The measurement of phenotypic variables in plants is a fundamental process for growth characterization, assessment of physiological state, and decision-making support in agricultural systems. Traditionally, this process has been labor-intensive, as it relies on manual measurements or high-cost instrumented systems, limiting its applicability in continuous monitoring scenarios. In this context, this work presents a low-cost, low-power, non-destructive methodology based on an embedded ESP32-CAM system for image acquisition and the estimation of phenotypic variables using multiview stereo vision and computer vision techniques.
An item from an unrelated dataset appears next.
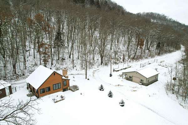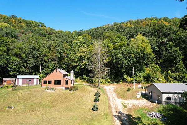 Discover 25+ WI Driftless Region acres surrounding this extensively updated, cozy, south-facing cabin-style home! Enjoy real privacy on a dead-end, township-maintained road. The home's main level offers comfortable living with stunning fieldstone fireplace and soapstone insert in the great room. Lower level has a wood stove, full bath, laundry area, bonus room, and ample storage. Outside features a spacious yard, 2 meadows, hardwood forest with rock outcrops, year-round creek, and an amazing wooded ridgetop. Includes a 32x30 shop, 2 car garage, newer roof and gutters, fenced garden, raised beds, medicinal and culinary herbs, perennials and berries, dual Ecoflow Pro power backup system, and a deck with cabana. Privacy, modern updates, and natural beauty! Private property, no drive-ins.

The proposed system is designed to provide an accessible alternative for in-field visual data acquisition and processing without physically altering the plant structure. A multiview stereo vision configuration composed of two ESP32-CAM modules is employed, enabling depth estimation through disparity computation. This approach allows the recovery of spatial information from image pairs. The methodology is based on feature extraction and geometric modeling, establishing relationships between image-based measurements and the actual dimensions of the plants. The proposed approach enables the non-destructive estimation of structural variables, such as height and volume, using low-cost hardware. The accuracy of these measurements is assessed through comparison with ground truth data, validating the system’s suitability for accurate and reliable implementation in plant phenotyping applications.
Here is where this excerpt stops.